Considering the above stated factors, statutory damages of $15,000 per mark appear to be appropriate. Such value follows other awards given in similar cases. See Hardy Way, LLC v. A.J. Nails, Inc., No. 8:10-cv-230-T-23EAJ, 2010 WL 3042420, at * 1 (M.D. Fla. July 30, 2010) (awarding $20,000 in statutory damages based on the discovery of five sunglasses infringing upon plaintiff's mark); Chanel, Inc. v. P'Ship or Unincorporated Ass'n, No. 1:12-cv-22745, 2014 WL 352208, at * 7 (S.D. Fla. Jan. 31, 2014) (noting $6,000 per mark to be customary, but awarding $18,000 per mark infringed in case involving Chanel counterfeit sunglasses); Coach, Inc. v. Cosmetic House, No. 10-2794 (WHW), 2011 WL 1211390, at * 6-7 (D.N.J. Mar. 29, 2011) (awarding $10,000 per mark infringed as to "numerous" Coach counterfeit sunglasses sold for $5.00 each). Thus, because Defendant willfully infringed upon two of the Spy Marks, it is recommended that the Court award $30,000 in statutory damages pursuant to 15 U.S.C. § 1117(c).
3) Prejudgment Interest
Plaintiff requests prejudgment interest on any statutory damages awarded at a rate of four percent from October 31, 2016 to November 2, 2017. Doc. No. 65 at 23-24. "In Lanham Act cases, prejudgment interest is available in the Court's discretion to successful plaintiffs." Nutrivida, Inc. v. Inmuno Vital, Inc., 46 F.Supp.2d 1310, 1317 (S.D. Fla. 1998). Section 1117 provides that in cases involving the intentional use of a counterfeit mark:
The court may award prejudgment interest on such amount at an annual interest rate established under section 6621(a)(2) of Title 26, beginning on the date of the service of the claimant's pleadings setting forth the claim for such entry of judgment and ending on the date such entry is made, or for such shorter time as the court considers appropriate.15 U.S.C. § 1117(b). Thus, the Court may award prejudgment interest at an annual rate established under 26 U.S.C. § 6621(a)(2) beginning on the date a plaintiff's initial pleading is served and ending on the date judgment is entered, or for a shorter time as the Court finds appropriate. Id. The annual interest rate established under Section 6621(a)(2) shall be the "federal short-term rate ... plus three percentage points." 26 U.S.C. § 6621(a)(2). For the purposes of Section 6621, the federal short-term rate shall be rounded to the nearest full percent. 26 U.S.C. § 6621(a)(3).
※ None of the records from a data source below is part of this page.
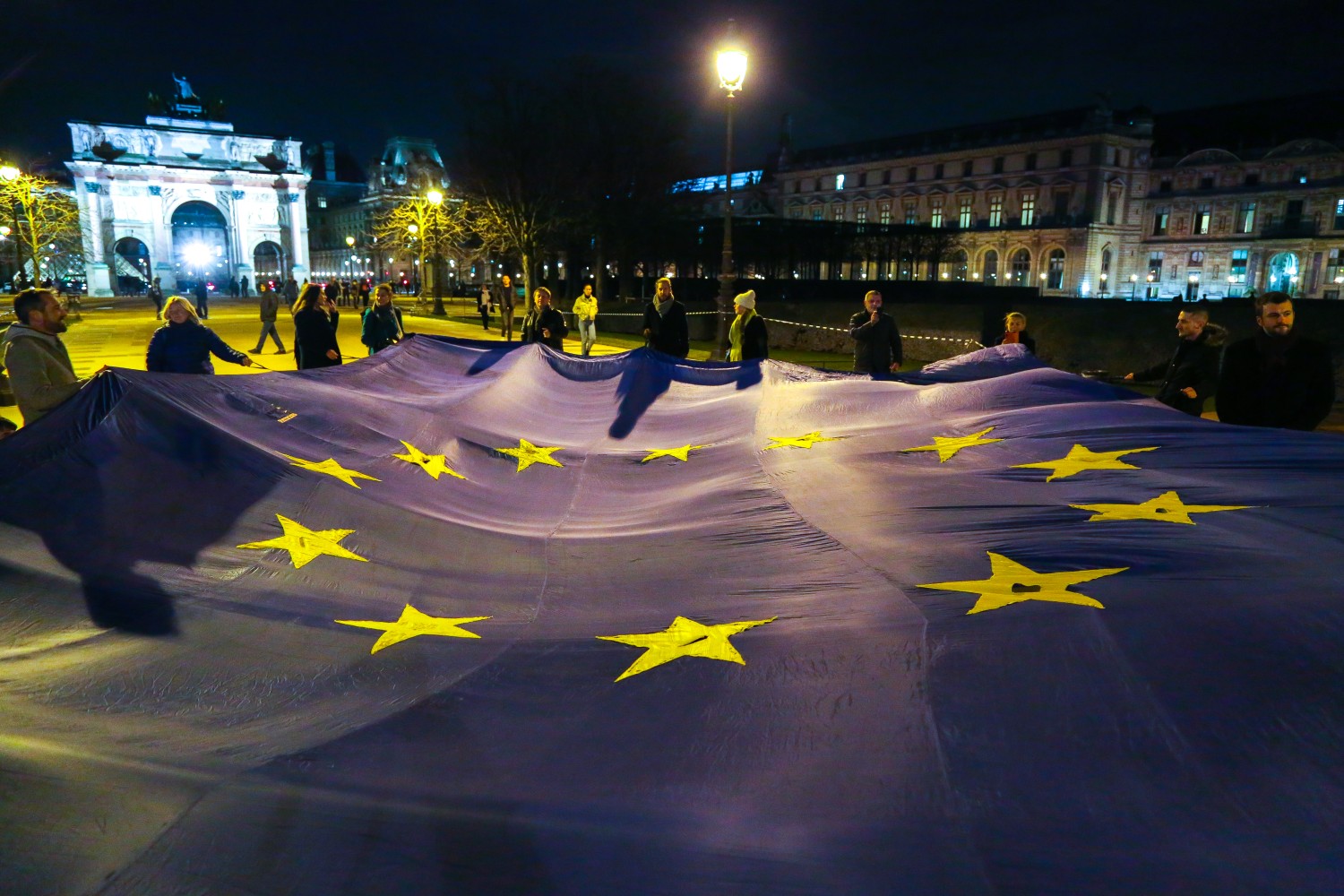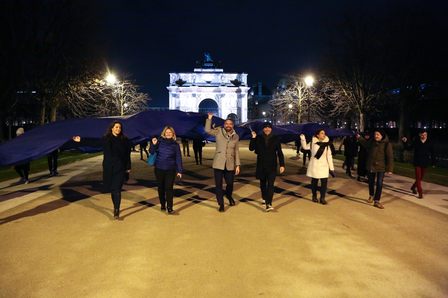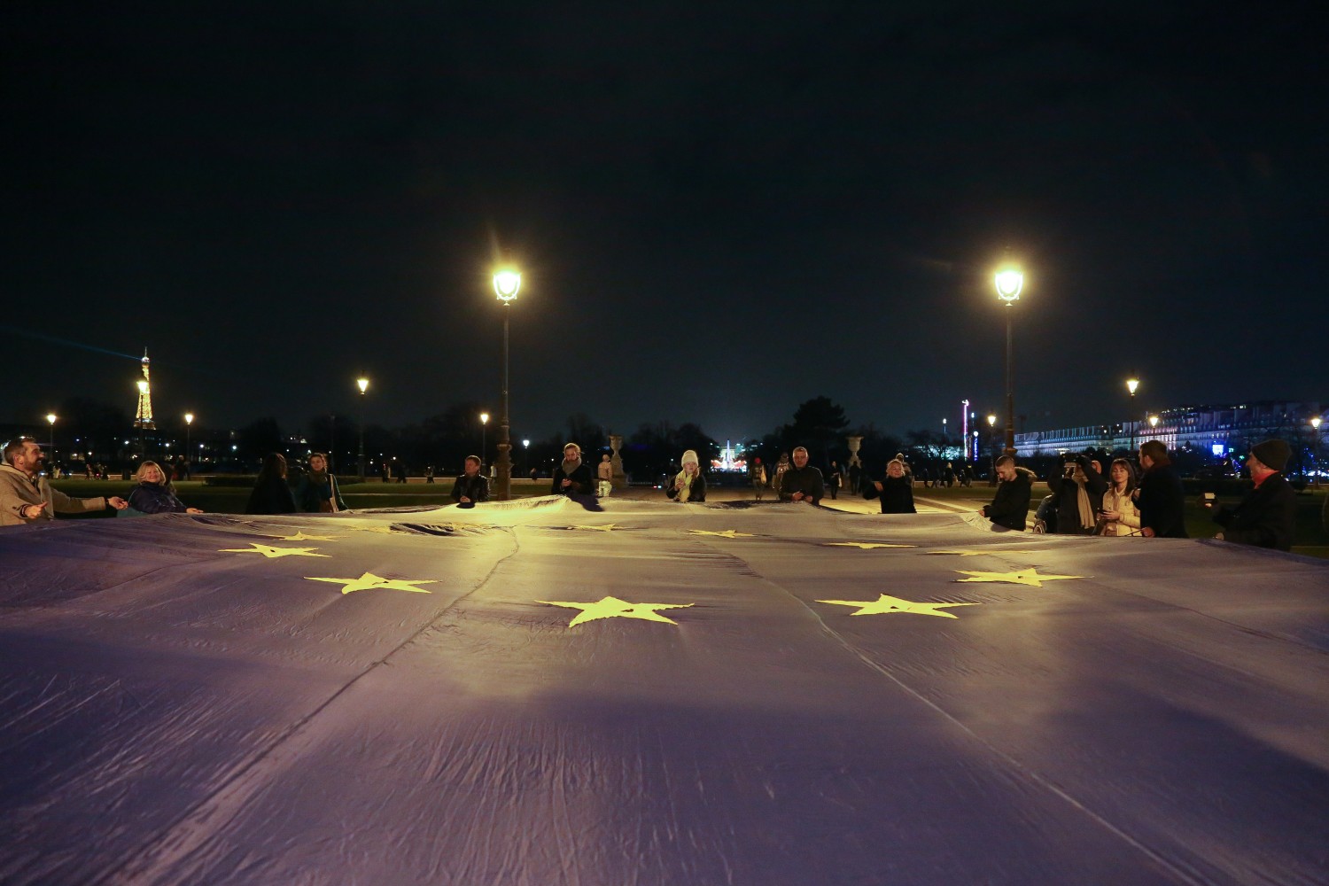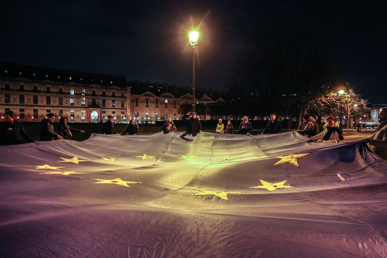 După un lung parcurs prin aproape toata Europa, steagul Uniunii Europene, cusut de mână în România, a fost purtat, vineri seara, lângă Luvru, pe brațe de cetățeni europeni de diverse naționalități, ca un simbol al dorinței comune de a constitui o Europă unită. Evenimentul a fost anunțat prin intermediul Facebook și a fost organizat inițiativa PLUS Franța și a altor partide aliate Renew Europe prezente în Franța.
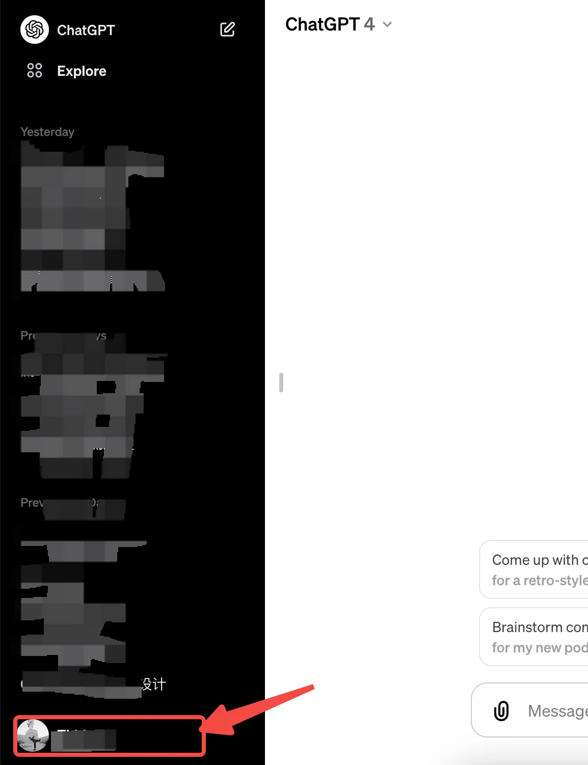首先,登录您的 ChatGPT 账户,并点击左下角的头像。
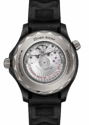 Das Gehäuse dieses 43,5-mm-Modells aus schwarzer Keramik und Titan Grade 5 besticht durch eine schwarze Keramiklünette mit einer Tauchskala aus weissem Email. Das Zifferblatt besteht ebenfalls aus gebürsteter schwarzer Keramik [ZrO2] und verfügt ferner über eine Lasergravur, um ein Wellenrelief zu erzeugen.
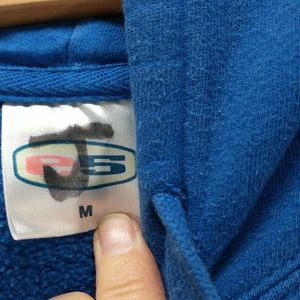 Condition: Nice Pullover Drawstring Hoodie with Logo Embroidered. 1 end drawstring frayed. Left elbow small hole as pictured.
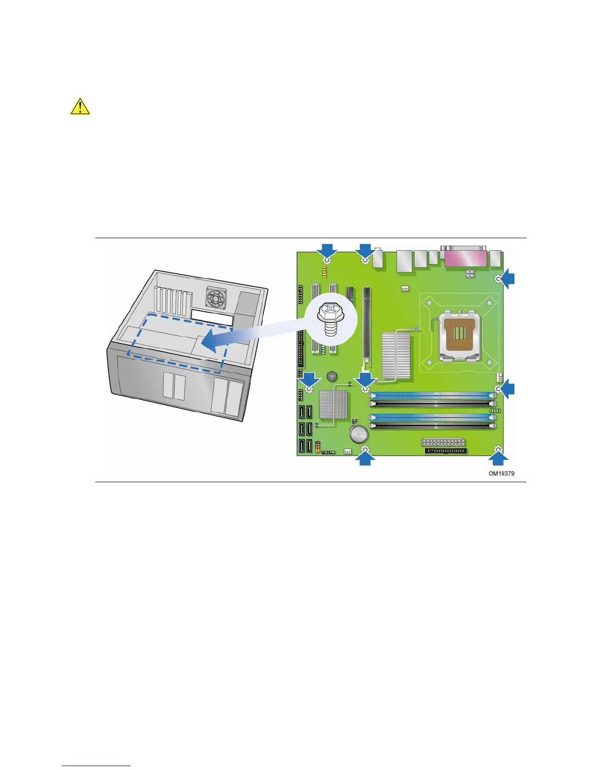 Figure 5 shows the location of the mounting screw holes for Desktop Board DQ965GF.
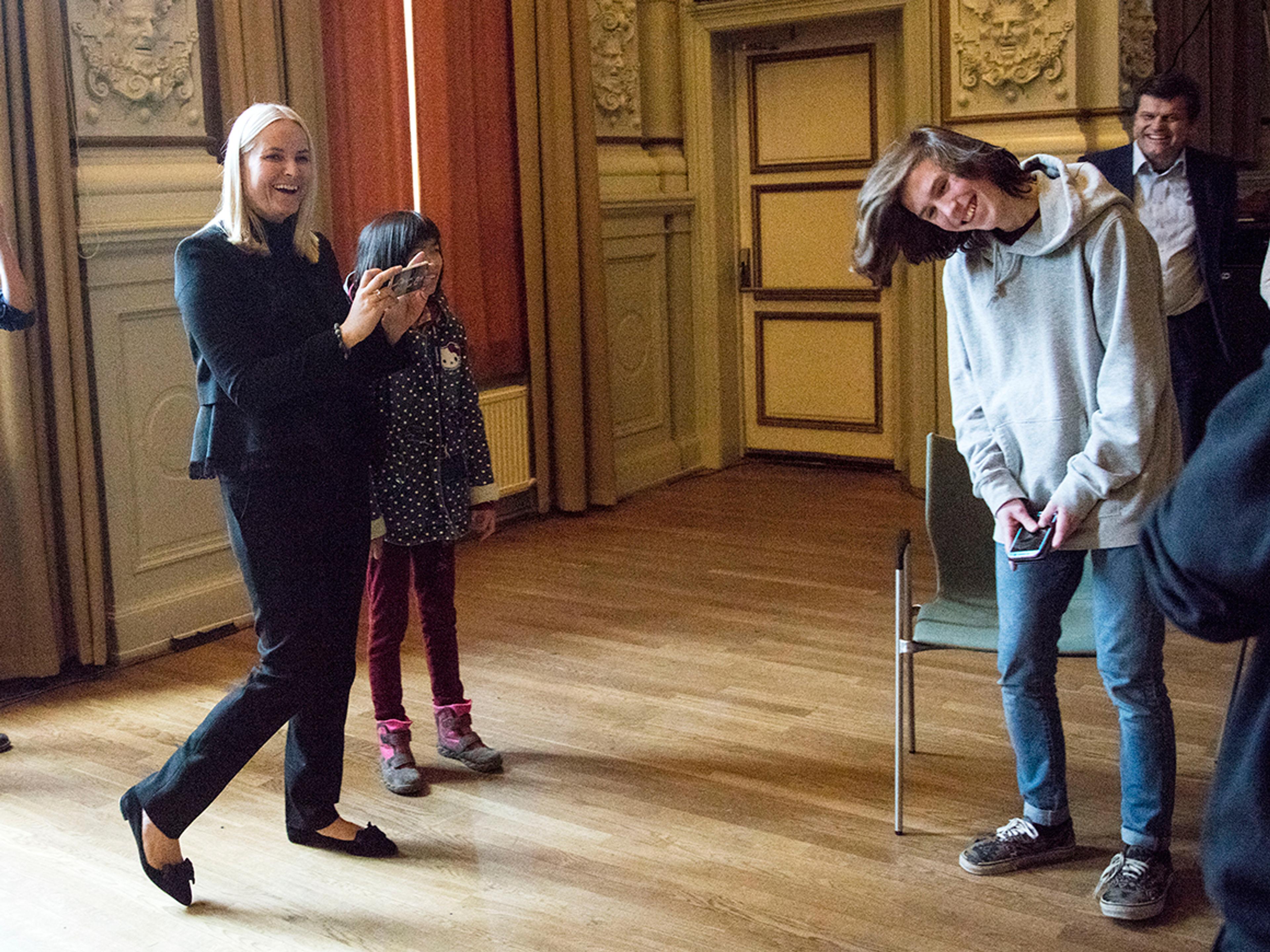 Etter prisutdelingen møtte Kronprinsessen noen av festivaldeltakerne i Kulturhuset Banken, som også er arena under Amandusfestivalen. Unge filmskapere delte planer og erfaringer med Kronprinsessen, som også fikk prøve seg som filmskaper på egen telefon. Linn Wang instruerte, mens Szilánd Regnisson og Jon Magnus Buejordet Huset bidro med rollespill til "innspillingen".

After reviewing the federal short-term rates between October 2016 and November 2017, the undersigned finds that the federal short-term rate for that period was between .66 percent and 1.38 percent. See also Index of Applicable Federal Rates (AFR) Rulings, available at: https://apps.irs.gov/app/picklist/list/federalRates.html. Rounding the above-referenced rates to the nearest percent and adding three percentage points pursuant to 26 U.S.C. § 6621(a)(2), the annual interest rate for the purposes of prejudgment interest under Section 1117(b) is four percent. Id.
Here, Plaintiff requests prejudgment interest on any statutory damages awarded at a rate of four percent from October 31, 2016, the date Defendant was served, to November 2, 2017, the date the Motion was filed. Doc. No. 65 at 23-24. While Plaintiff seeks prejudgment interest for a defined time period, Section 1117 provides that Plaintiff is entitled to prejudgment interest from the date the Complaint was served on Defendant to the date judgment is entered. 15 U.S.C. § 1117(b). Thus, it is recommended that the Court award prejudgment interest on the statutory damages awarded at a rate of four percent from October 31, 2016 to the date judgment is entered in this case.
Plaintiff also requests post-judgment interest pursuant to 28 U.S.C § 1961. Doc. No. 65 at 24. The statute provides that "interest shall be allowed on any money judgment in a civil case recovered in a district court [, and such] interest shall be calculated from the date of the entry of the judgment ..." Thus, pursuant to 28 U.S.C § 1961, such interest shall accrue from the date judgment is entered in this case.
D. Attorneys' Fees and Costs
1) Attorneys' Fees
Plaintiff also requests attorneys' fees under 15 U.S.C. § 1117(a), arguing that it is entitled to attorneys' fees due to Defendant's willful, malicious, and deliberate behavior. Doc. No. 65 at 23. Specifically, the Motion states that Section 1117(a) "does not define the term 'exceptional cases,' but the Eleventh Circuit has stated that 'in this context, an exceptional case is one where the infringing party acts in a malicious, deliberate, or willful manner.'" Id. at 23.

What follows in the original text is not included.